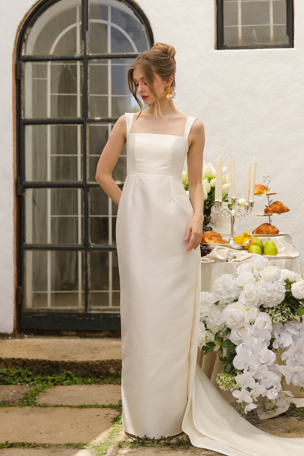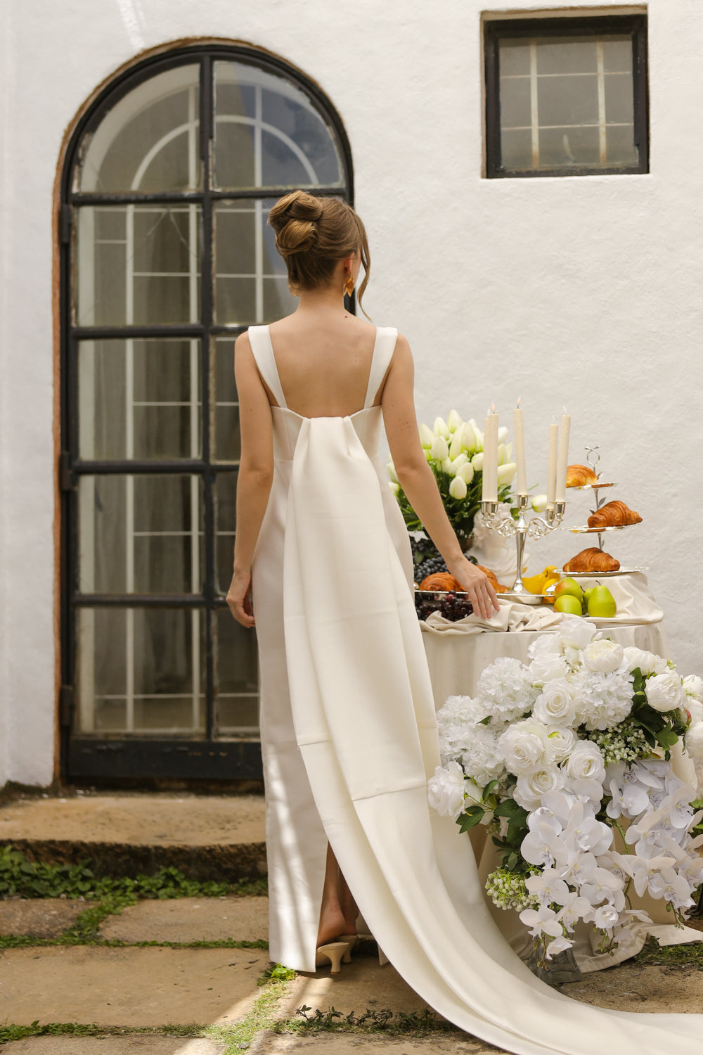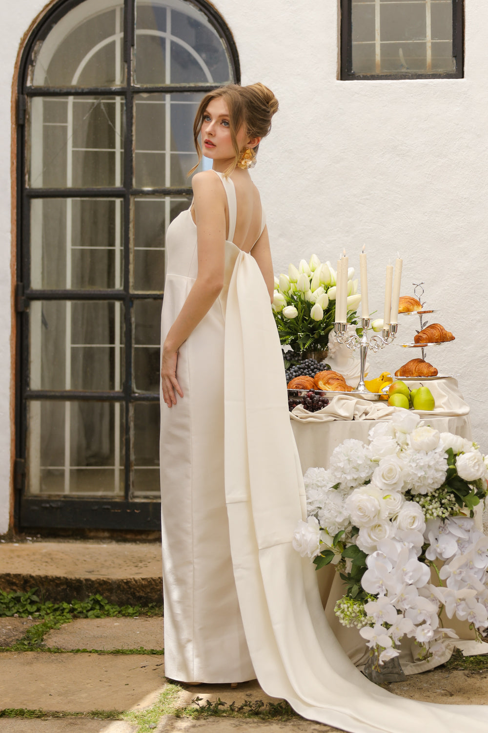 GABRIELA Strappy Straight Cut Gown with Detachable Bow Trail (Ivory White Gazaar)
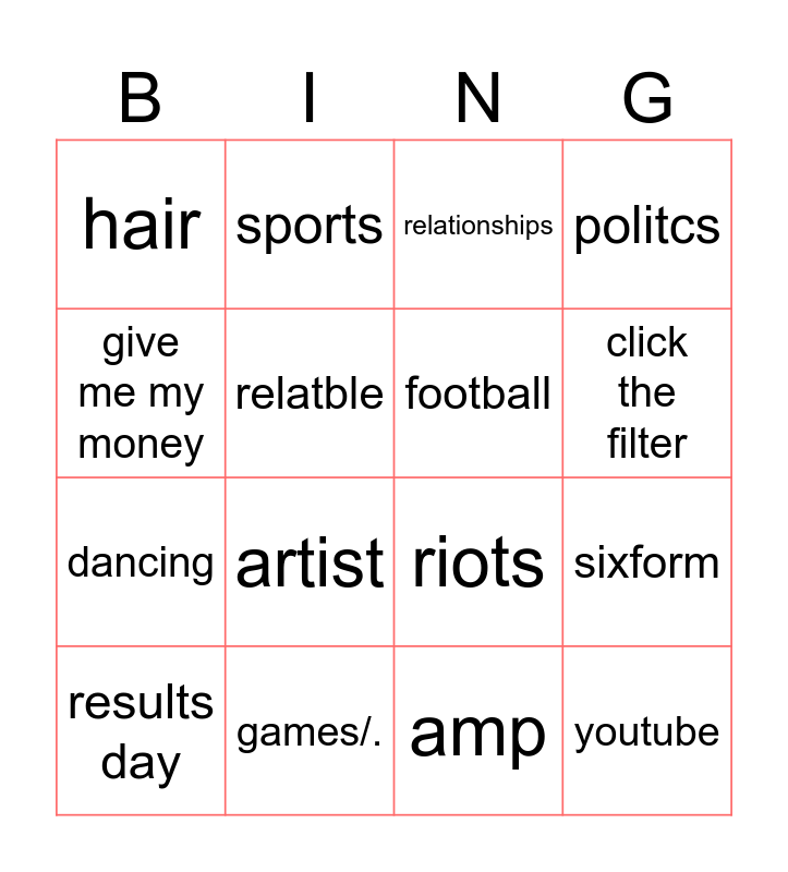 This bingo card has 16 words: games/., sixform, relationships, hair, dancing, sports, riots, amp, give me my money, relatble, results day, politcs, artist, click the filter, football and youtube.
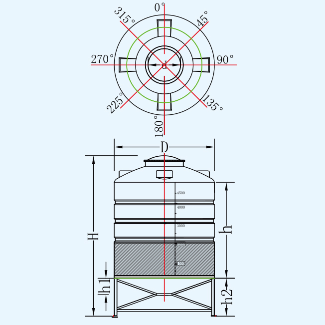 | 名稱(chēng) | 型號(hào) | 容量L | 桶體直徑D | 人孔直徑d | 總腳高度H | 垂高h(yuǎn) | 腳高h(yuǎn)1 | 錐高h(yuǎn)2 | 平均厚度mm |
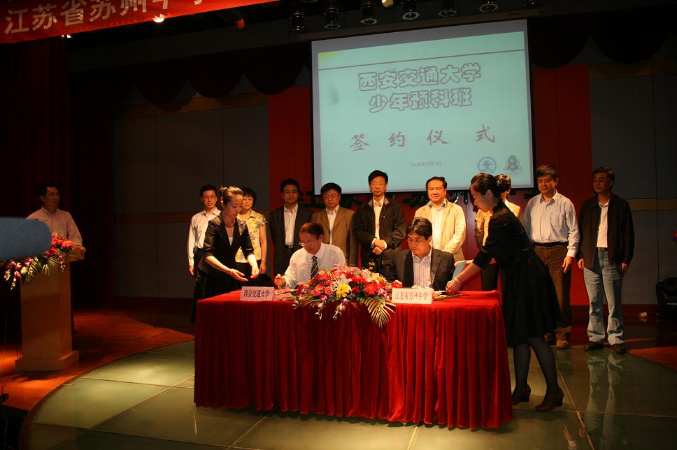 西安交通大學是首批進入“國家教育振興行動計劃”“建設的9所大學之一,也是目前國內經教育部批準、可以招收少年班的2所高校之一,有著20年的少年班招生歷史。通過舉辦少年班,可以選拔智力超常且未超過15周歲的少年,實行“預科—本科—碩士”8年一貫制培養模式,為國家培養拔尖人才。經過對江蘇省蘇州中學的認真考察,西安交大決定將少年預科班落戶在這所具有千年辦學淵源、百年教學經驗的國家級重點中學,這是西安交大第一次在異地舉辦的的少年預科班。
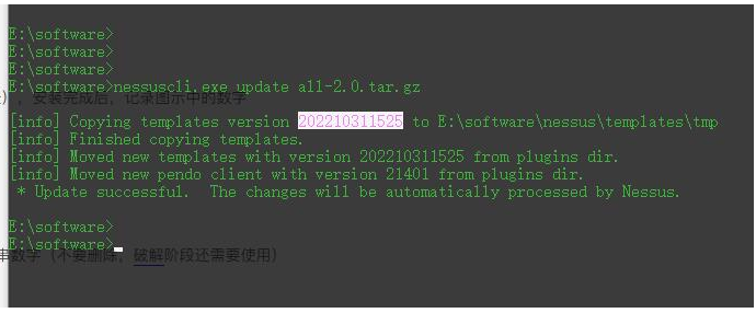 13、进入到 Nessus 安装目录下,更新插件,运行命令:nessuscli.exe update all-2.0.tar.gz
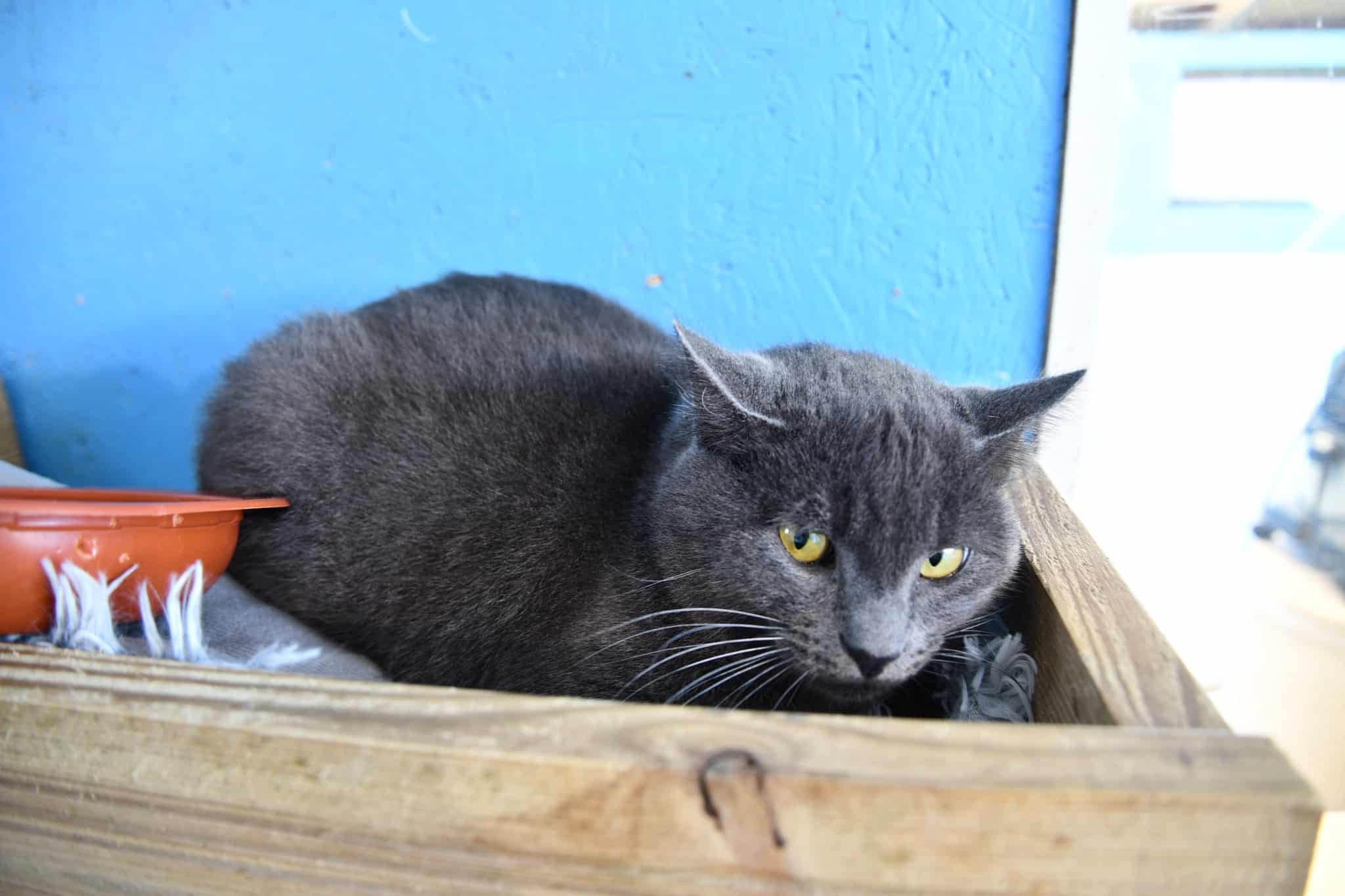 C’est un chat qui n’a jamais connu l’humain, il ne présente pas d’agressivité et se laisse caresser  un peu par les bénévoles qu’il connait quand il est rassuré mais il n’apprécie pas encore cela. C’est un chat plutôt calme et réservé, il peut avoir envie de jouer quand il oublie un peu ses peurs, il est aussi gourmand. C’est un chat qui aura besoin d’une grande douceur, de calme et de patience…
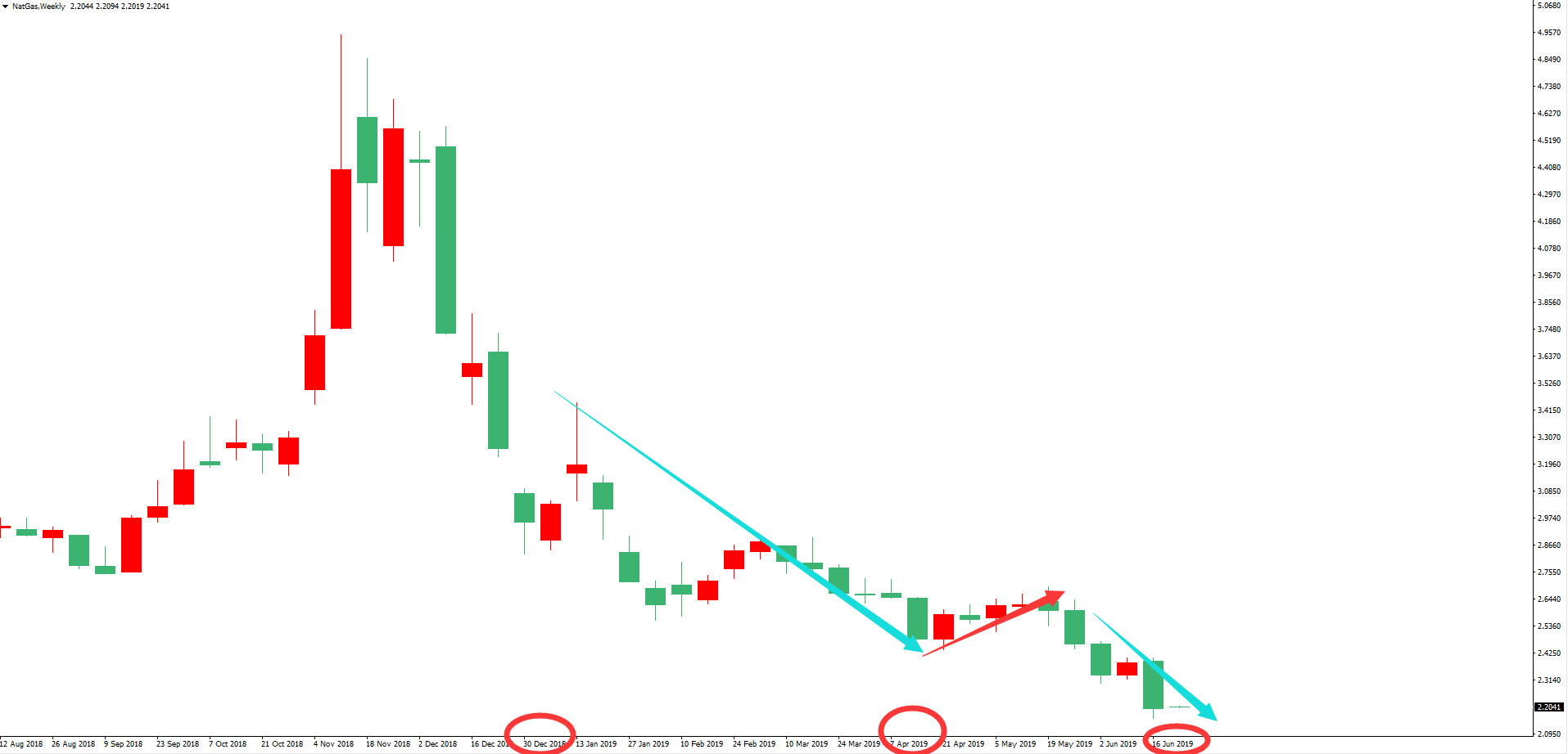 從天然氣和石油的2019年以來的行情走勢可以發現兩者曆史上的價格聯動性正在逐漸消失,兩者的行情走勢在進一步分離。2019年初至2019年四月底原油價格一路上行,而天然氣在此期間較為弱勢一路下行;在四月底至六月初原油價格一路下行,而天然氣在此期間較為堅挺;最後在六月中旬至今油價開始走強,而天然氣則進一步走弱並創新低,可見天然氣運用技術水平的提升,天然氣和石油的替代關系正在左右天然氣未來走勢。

#### Task goal:
Any pictures should be dropped; transcribe the rest of the records above exactly.

#### Solution for this problem:
 GABRIELA Strappy Straight Cut Gown with Detachable Bow Trail (Ivory White Gazaar)
 This bingo card has 16 words: games/., sixform, relationships, hair, dancing, sports, riots, amp, give me my money, relatble, results day, politcs, artist, click the filter, football and youtube.
 | 名稱(chēng) | 型號(hào) | 容量L | 桶體直徑D | 人孔直徑d | 總腳高度H | 垂高h(yuǎn) | 腳高h(yuǎn)1 | 錐高h(yuǎn)2 | 平均厚度mm |
 西安交通大學是首批進入“國家教育振興行動計劃”“建設的9所大學之一,也是目前國內經教育部批準、可以招收少年班的2所高校之一,有著20年的少年班招生歷史。通過舉辦少年班,可以選拔智力超常且未超過15周歲的少年,實行“預科—本科—碩士”8年一貫制培養模式,為國家培養拔尖人才。經過對江蘇省蘇州中學的認真考察,西安交大決定將少年預科班落戶在這所具有千年辦學淵源、百年教學經驗的國家級重點中學,這是西安交大第一次在異地舉辦的的少年預科班。
 13、进入到 Nessus 安装目录下,更新插件,运行命令:nessuscli.exe update all-2.0.tar.gz
 C’est un chat qui n’a jamais connu l’humain, il ne présente pas d’agressivité et se laisse caresser  un peu par les bénévoles qu’il connait quand il est rassuré mais il n’apprécie pas encore cela. C’est un chat plutôt calme et réservé, il peut avoir envie de jouer quand il oublie un peu ses peurs, il est aussi gourmand. C’est un chat qui aura besoin d’une grande douceur, de calme et de patience…
 從天然氣和石油的2019年以來的行情走勢可以發現兩者曆史上的價格聯動性正在逐漸消失,兩者的行情走勢在進一步分離。2019年初至2019年四月底原油價格一路上行,而天然氣在此期間較為弱勢一路下行;在四月底至六月初原油價格一路下行,而天然氣在此期間較為堅挺;最後在六月中旬至今油價開始走強,而天然氣則進一步走弱並創新低,可見天然氣運用技術水平的提升,天然氣和石油的替代關系正在左右天然氣未來走勢。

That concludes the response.